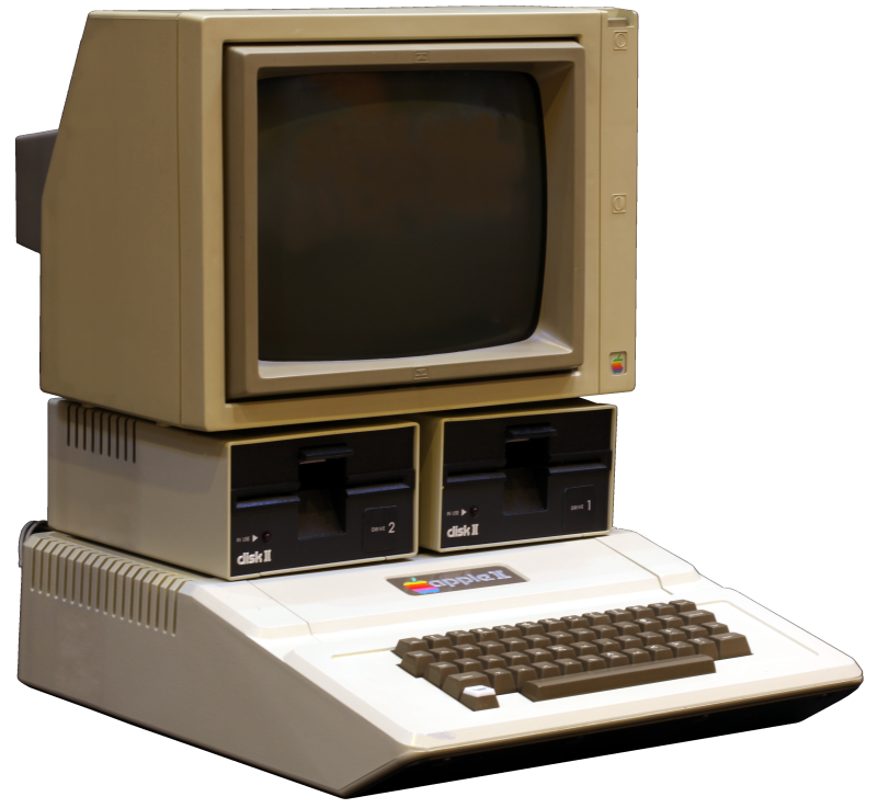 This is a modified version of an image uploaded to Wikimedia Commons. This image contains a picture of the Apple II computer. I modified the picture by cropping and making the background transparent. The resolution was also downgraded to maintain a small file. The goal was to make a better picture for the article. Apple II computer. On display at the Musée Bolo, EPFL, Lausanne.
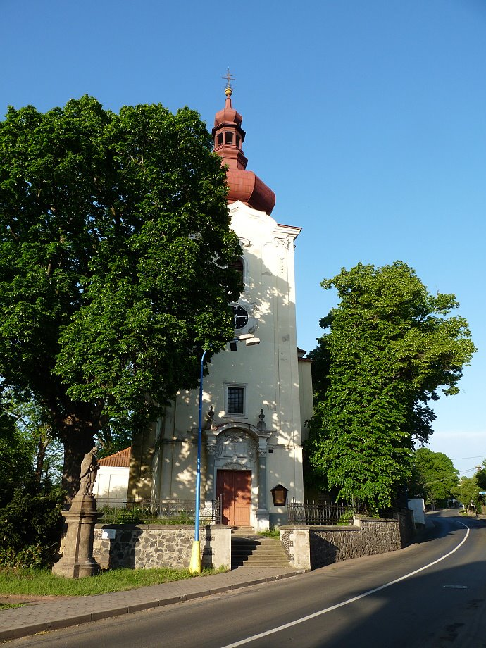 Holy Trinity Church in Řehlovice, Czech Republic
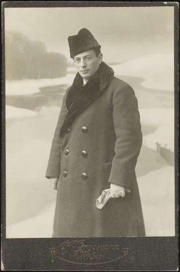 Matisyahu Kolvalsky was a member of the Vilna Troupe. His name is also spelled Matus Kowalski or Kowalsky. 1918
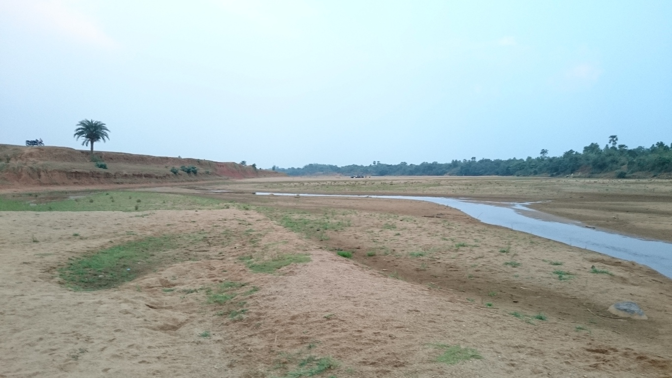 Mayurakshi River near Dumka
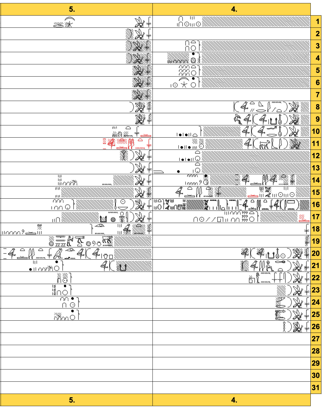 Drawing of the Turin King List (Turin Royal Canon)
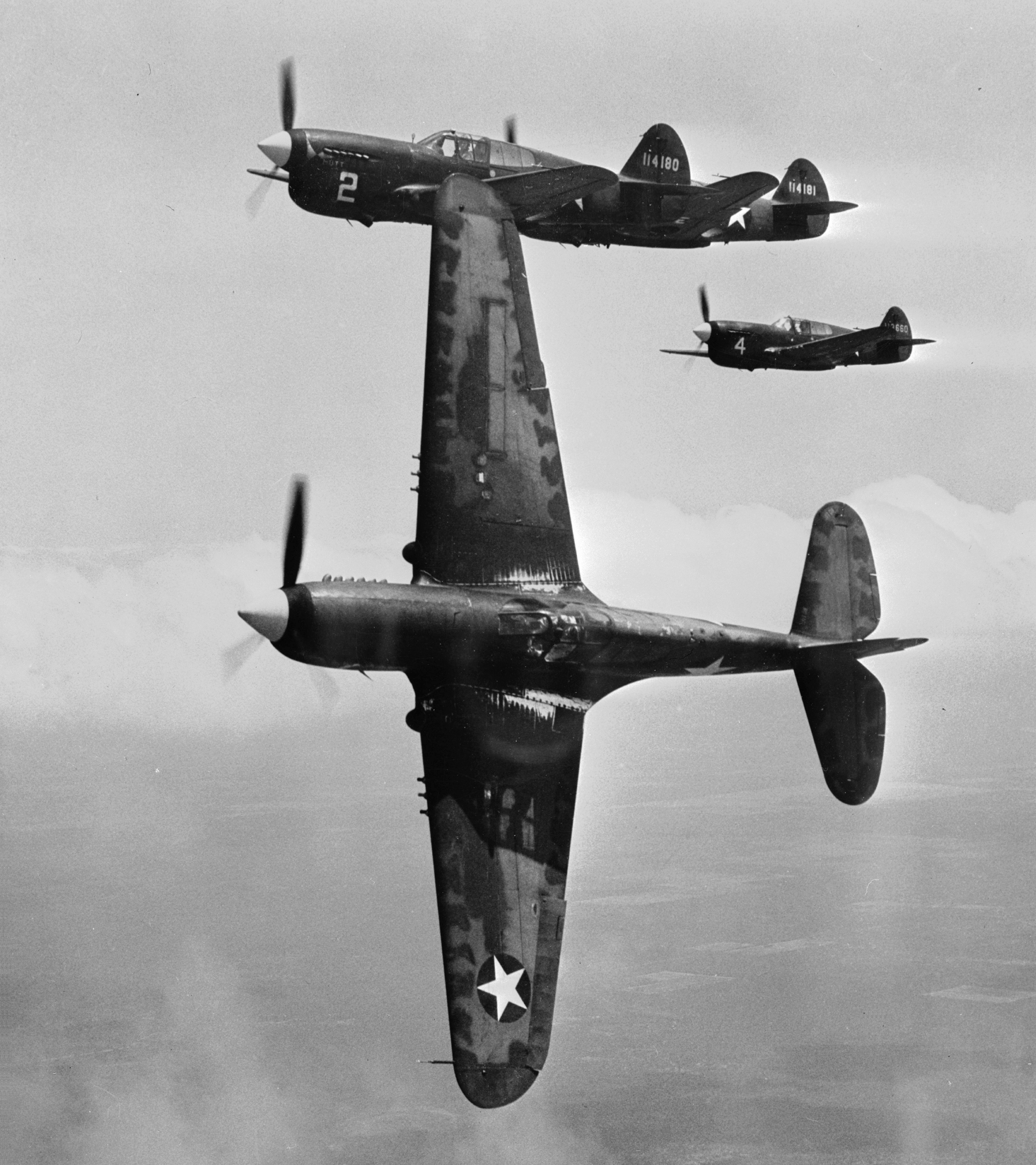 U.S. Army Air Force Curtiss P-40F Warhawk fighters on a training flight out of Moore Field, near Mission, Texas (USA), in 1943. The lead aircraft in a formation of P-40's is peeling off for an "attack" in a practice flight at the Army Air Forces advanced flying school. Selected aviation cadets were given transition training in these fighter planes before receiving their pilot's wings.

* * *

* [WORK ORDER]:
The reply should repeat the listing above exactly and contain no pictures.

* [EXERCISE RESULT]:
 This is a modified version of an image uploaded to Wikimedia Commons. This image contains a picture of the Apple II computer. I modified the picture by cropping and making the background transparent. The resolution was also downgraded to maintain a small file. The goal was to make a better picture for the article. Apple II computer. On display at the Musée Bolo, EPFL, Lausanne.
 Holy Trinity Church in Řehlovice, Czech Republic
 Matisyahu Kolvalsky was a member of the Vilna Troupe. His name is also spelled Matus Kowalski or Kowalsky. 1918
 Mayurakshi River near Dumka
 Drawing of the Turin King List (Turin Royal Canon)
 U.S. Army Air Force Curtiss P-40F Warhawk fighters on a training flight out of Moore Field, near Mission, Texas (USA), in 1943. The lead aircraft in a formation of P-40's is peeling off for an "attack" in a practice flight at the Army Air Forces advanced flying school. Selected aviation cadets were given transition training in these fighter planes before receiving their pilot's wings.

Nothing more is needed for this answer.